* [RECORDED DATA]:
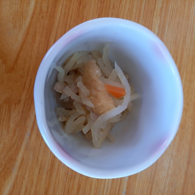 青菜、大根、おあげさん、鶏肉の炒め煮ですね
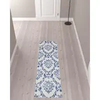Revitalize your home's ambiance with the exquisite beauty of the Blue Ivory Machine-Woven Medallion Indoor Runner Rug. Crafted with passion and precision, this stunning rug is designed to enrich your space with its luxurious elegance and timeless appeal.
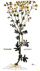 S. Jacobs blum ist ein kraut mit einem langen braunen stengel wie des Beyfuß / die haben vil holkelen / und seind mit vilen neben ästlin besetzt. Im ersten jar stoßt sie keinen stengel. Die bletter seind zerspallten und vilfeltig außgeschnitten / wie an dem zamen weissen Senff / oder Creützwurtz. Auff den ästlin wachsen vil geeler gestirnter blumen / wie der Chamillen / die werden nach der zeitigung zu grawem wollechten samen / fliegen darvon / wie an der Creützwurtz. Die wurtzel ist weiß und zasecht / wie der Wegerich kreüter.
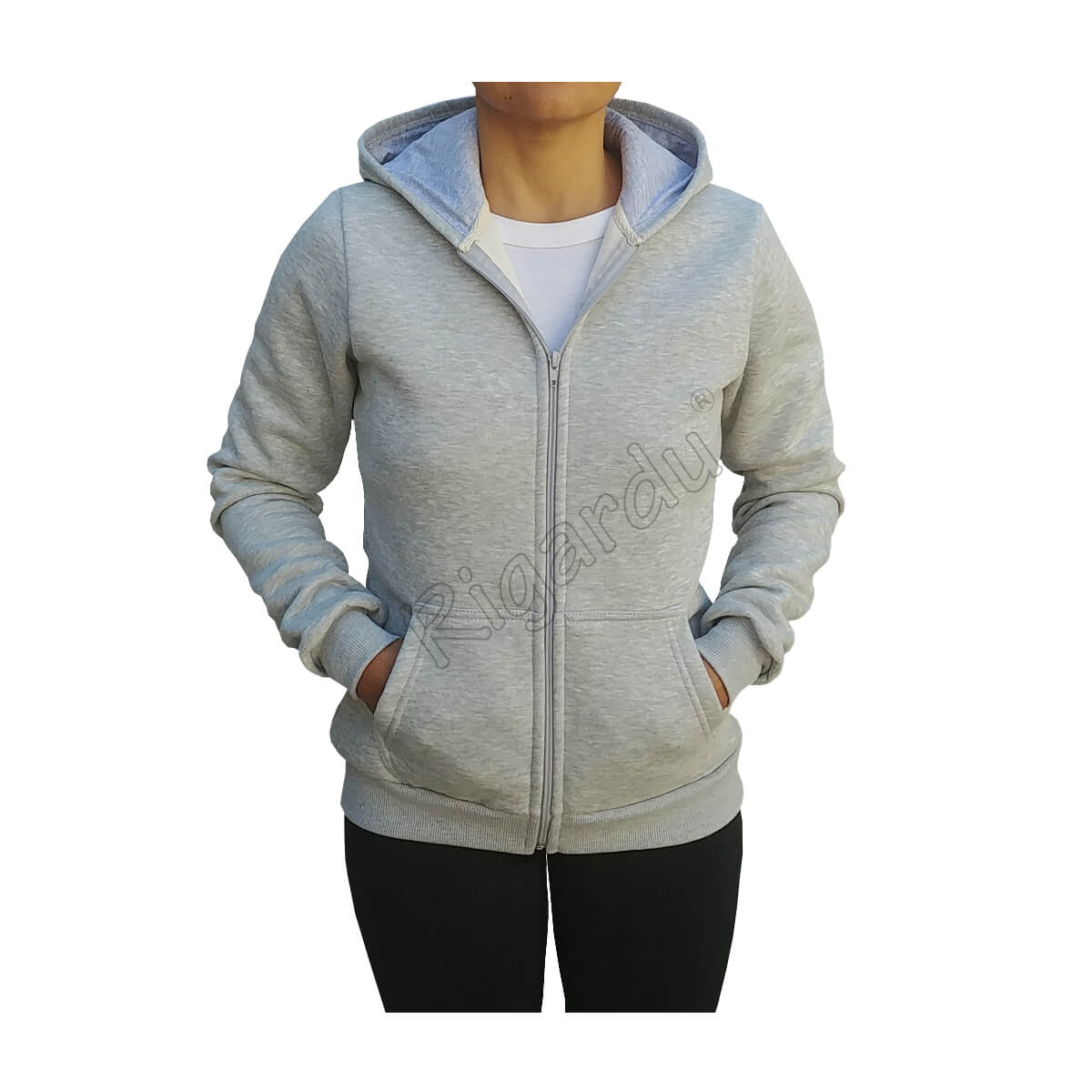 Buzo canguro de mujer con cierre y con capucha.

* [EXERCISE]:
Once you have returned the line containing "Revitalize your home's", stop; begin at the first line of the material, keep each line exact, and skip the pictures.

* [ANSWER TO THIS PROBLEM]:
 青菜、大根、おあげさん、鶏肉の炒め煮ですね
Revitalize your home's ambiance with the exquisite beauty of the Blue Ivory Machine-Woven Medallion Indoor Runner Rug. Crafted with passion and precision, this stunning rug is designed to enrich your space with its luxurious elegance and timeless appeal.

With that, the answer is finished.